#### Exercise goal:
Where the string "with" occurs in a line of the entries below, copy that line.

#### Data provided:
= = = = =
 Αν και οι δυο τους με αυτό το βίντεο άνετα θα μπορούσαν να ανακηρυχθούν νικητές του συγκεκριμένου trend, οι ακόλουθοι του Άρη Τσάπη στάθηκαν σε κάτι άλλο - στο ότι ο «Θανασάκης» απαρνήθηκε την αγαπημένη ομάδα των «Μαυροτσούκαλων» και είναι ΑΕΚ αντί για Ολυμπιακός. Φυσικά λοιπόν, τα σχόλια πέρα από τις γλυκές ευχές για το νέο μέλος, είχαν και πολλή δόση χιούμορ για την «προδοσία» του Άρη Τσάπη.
= = = = =
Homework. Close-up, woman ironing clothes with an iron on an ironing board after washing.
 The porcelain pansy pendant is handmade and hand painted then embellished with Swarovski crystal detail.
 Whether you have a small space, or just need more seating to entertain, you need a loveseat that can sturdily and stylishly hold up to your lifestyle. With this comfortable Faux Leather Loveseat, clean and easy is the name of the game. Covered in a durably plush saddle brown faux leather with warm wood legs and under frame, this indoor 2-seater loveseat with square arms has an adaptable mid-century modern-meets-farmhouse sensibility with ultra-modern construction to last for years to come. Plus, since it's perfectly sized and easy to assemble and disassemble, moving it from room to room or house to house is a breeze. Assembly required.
= = = = =
#### Solution to the problem:
Homework. Close-up, woman ironing clothes with an iron on an ironing board after washing.
 The porcelain pansy pendant is handmade and hand painted then embellished with Swarovski crystal detail.
 Whether you have a small space, or just need more seating to entertain, you need a loveseat that can sturdily and stylishly hold up to your lifestyle. With this comfortable Faux Leather Loveseat, clean and easy is the name of the game. Covered in a durably plush saddle brown faux leather with warm wood legs and under frame, this indoor 2-seater loveseat with square arms has an adaptable mid-century modern-meets-farmhouse sensibility with ultra-modern construction to last for years to come. Plus, since it's perfectly sized and easy to assemble and disassemble, moving it from room to room or house to house is a breeze. Assembly required.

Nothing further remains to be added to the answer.